XIV. ЗА СОВЕТОМ К АПОЛЛОНУ

   В солнечном, полном цветов гнездышке Алкивиада под Колоном дела определенно не шли. Стоило Алкивиаду, уступая просьбам Гиппареты, которую он, действительно, любил — как он, действительно, любил и других женщин, пересекавших его жизненный путь, — уступить ей и остаться там, в тиши деревни, как его начинала разбирать мучительная зевота. В Афинах он любил не только благосклонных красавиц, восхищение толпы и возможность всяких политических приключений, но и возможность не быть с собою наедине: обаятельный собеседник с другим, а особенно за чашей вина, хотя бы и не хиосского, Алкивиад становился туп, сер и скучен с глазу на глаз с Алкивиадом. И с Гиппаретой тоже. Сельским делом он не интересовался ни в малейшей степени и очень скоро все управление этим прелестным уголком перешло к вольноотпущеннику поэта Фарсагора, распорядительному Фенику. Фарсагору надоели Афины, непрекращающаяся, хотя и значительно ослабевшая чума, политические судороги, а кроме того, он решил, что ему пора уже бросить все эти оды и элегии и посвятить себя трагедии.

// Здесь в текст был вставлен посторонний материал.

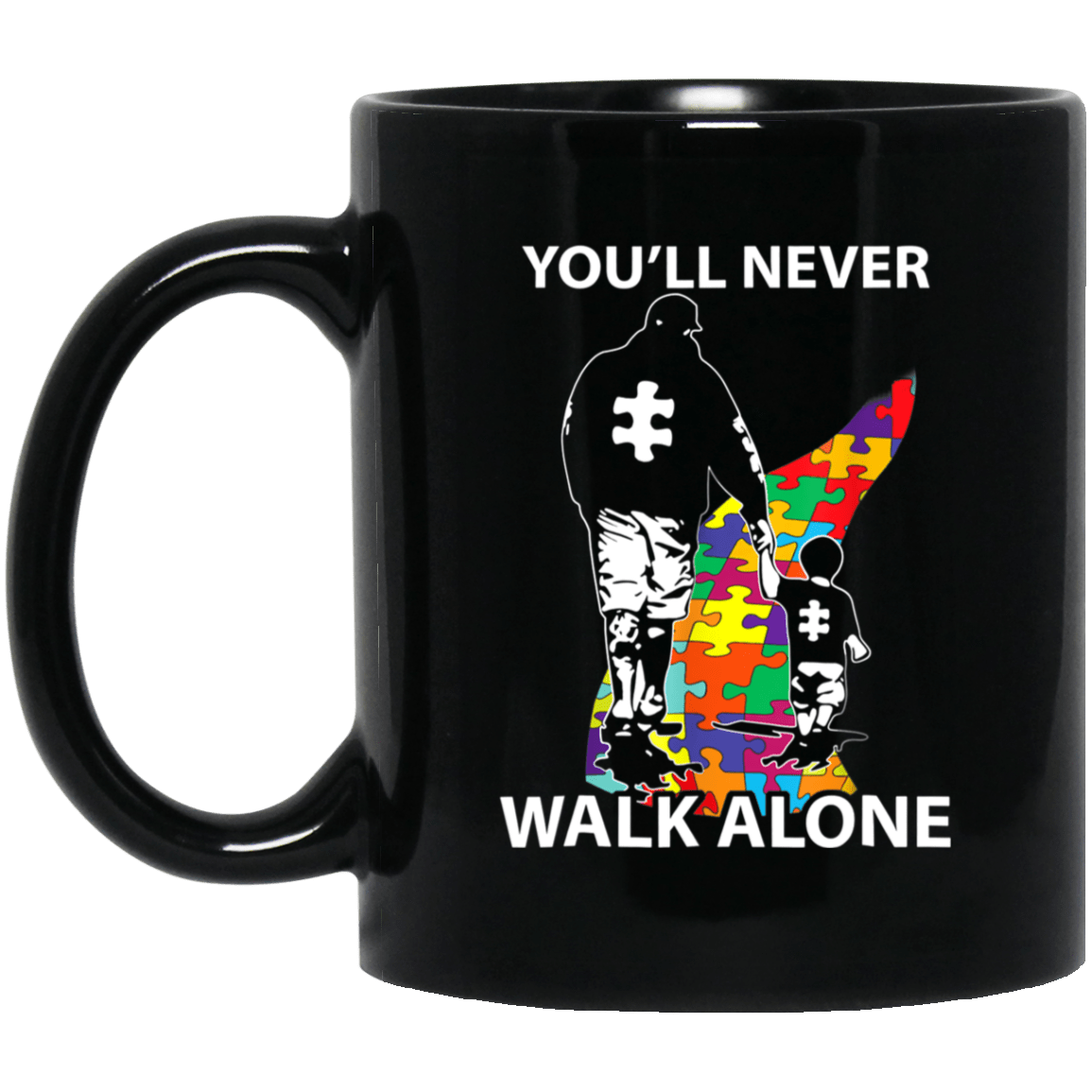 Papá autista: nunca caminarás solo, taza de concienciación sobre el autismo para padre e hijo

Остряки говорили о нем: «Лавры Софокла и Еврипида не дают спать Фарсагору». А для того чтобы хорошенько написать трагедию, надо, думал он, уехать куда-нибудь. Он выбрал, наконец, пышный Акрагас, в Сицилии, и, забрав с собой Эльпинику, хорошенькую, но немножко сонную лесбийку, и хороший запас пергамента — он считая неприличным творить на папирусе — уехал. Перед самым отъездом ловкий Феник выпросил у него вольную и для своего племянника, Антикла — его родители погибли во время чумы — взял место управляющего у беспечного Алкивиада, вполне правильно рассчитав, что рассеянная жизнь молодого аристократа даст ему возможность приумножить свои запасы, которые были уже значительны, и от Фарсагора. Скверно было, что там, в глуши, нельзя было отдать мальчишку в школу, — в Афинах они не были ни общедоступными, ни бесплатными: за науку надо было платить до десяти франков золотом в год — но все равно мальчишку за его художества не держали нигде. Придется пороть… Эти неугасимые бои дядюшки с сорвиголовой Антиклом были единственным развлечением Алкивиада в деревне: он с хохотом смотрел, как задыхающийся дядюшка дает угонки за вертлявым мальчишкой, трясется от злости, призывает на голову сорванца все кары земные и небесные, но ничего сделать не может. Иногда Алкивиад даже прятал мальчугана от разъяренного дядюшки и — хохотал…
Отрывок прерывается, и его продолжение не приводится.